Efeitos Diuréticos da Cafeína. Café e /ou cafeína
são freqüentemente tidos como diuréticos, sugerindo que
a ingestão de grandes quantidades pudesse levar à uma condição
pobre de hidratação antes e durante o exercício. No entanto,
a literatura disponível não suporta efeitos diuréticos
imediatos como a temperatura central do corpo, perda de suor, volume do plasma
e o volume da urina não sofreram mudanças durante os exercícios
seguidos de ingestão de cafeína.
Considerações Éticas
É
fácil para atletas que praticam exercícios de
endurance melhorar sua performance "legalmente" com
a cafeína, já que efeitos ergogênicos têm
sido relatados com a quantia de 3mg /kg. Até mesmo a
ingestão de uma dose moderada de cafeína (5-6
mg/kg) é permitida. Sugeriu-se que a cafeína
deveria ser banida antes de competições de endurance,
exigindo que o atleta se abstivesse da cafeína aproximadamente
48-72 horas antes da competição. Essa limitação
asseguraria que nenhum atleta tivesse vantagem no dia da competição,
mas a cafeína durante os treinos não seria proibida.
No entanto, mesmo se a cafeína fosse banida no futuro,
que prática os atletas deveriam seguir no presente?
Para os atletas de elite é atualmente aceitável
e razoável ter sua dieta normal de café. No entanto,
se eles tomarem deliberadamente a cafeína pura para
obter vantagens na competição, está claramente
provada a falta de ética e isso é considerado
doping. Um assunto igualmente importante é o uso da
cafeína pelos adolescentes ou adultos. A expansão
do uso cafeína foi demonstrada em uma pesquisa recente
pelo Canadian Centre for Drug Free Sport (Centro Canadense
por Esportes Livres de Drogas). A pesquisa constatou que 27%
dos jovens canadenses (entre 11-18 anos), já usara alguma
substância contendo cafeína nos anos anteriores
com o único objetivo de aumentar o desempenho atlético.

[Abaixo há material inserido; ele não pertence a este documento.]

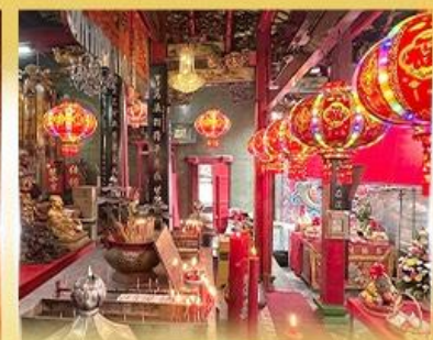
ศาลเจ้ากวนอู คลองสาน
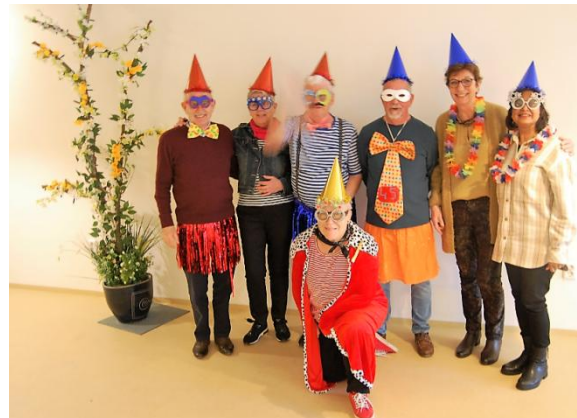
'Voor de derde wedstrijd, de funwedstrijd, kunnen deelnemers zich inschrijven, waarna zes spelers worden geloot. De zevende is de scheidsrechter.'
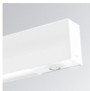
Cód. producto: F41LIGHTSNDW

Descripción: ACC.FIL45 SENSOR BASIC ILD DALI-2 GR
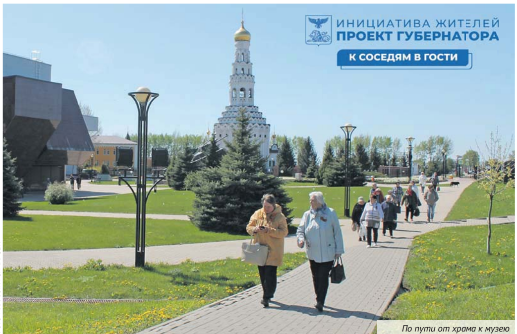
По пути от храма к музею

Первая экскурсия ждала ивнянцев в военно-историческом музее-заповеднике Третьего ратного поля России «Прохоровское поле». Экскурсоводы рассказали, что Прохоровка была образована в 1836 году как станция Курско — Азовско — Харьковской железной дороги. А одноимённый район возник в июле 1928 года после раздела бывшей Курской губернии. В настоящее время Прохоровский и Ивнянский районы приблизительно равны по населению, по промышленно-сельскохозяйственному
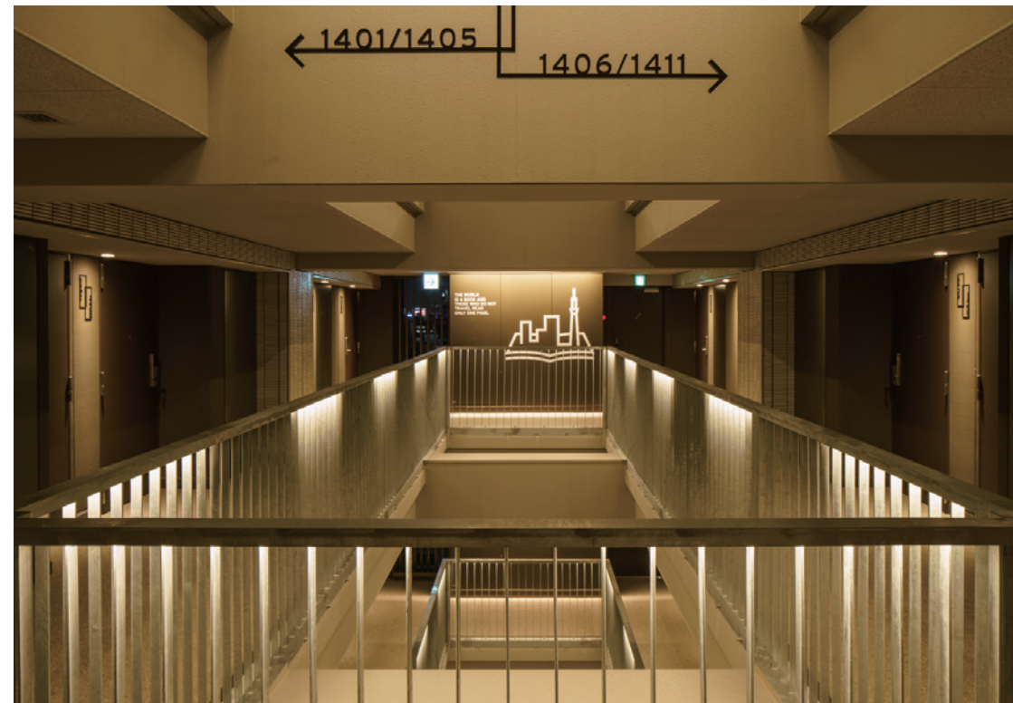
中庭正面，可以观察到不同楼层有着不同的图像表达的旅途相关词句
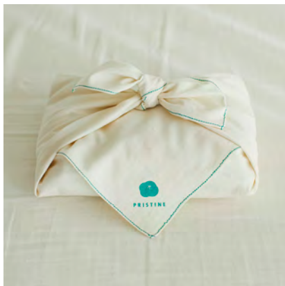
2022年 着衣はじめセット 眠衣（パジャマセット） 価格：22,000円（税込）
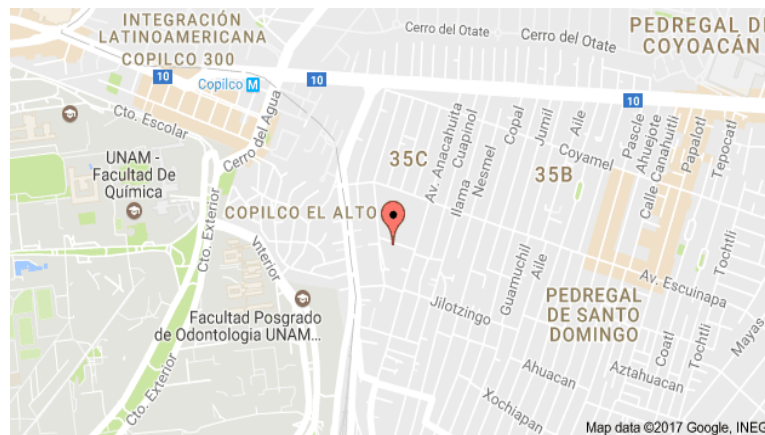
Croquis de la ubicación de la Institución 18

A cafeína atua como uma droga de "escape" para
os jovens que usam substâncias perigosas? Para a média,
o adolescente ativo ou adulto que está exercendo com
o objetivo de divertimento e melhoria de performance, usar
a cafeína destrói esse propósito. O treinamento
e hábitos nutricionais adequados estão com alcance
mais sensíveis e produtivos.
Sumário
A ingestão de cafeína (3-9 mg/kg) antes de uma atividade física
aumenta o desempenho durante exercícios de endurance prolongados e exercícios
de pouca intensidade que dura aproximadamente cinco minutos no laboratório.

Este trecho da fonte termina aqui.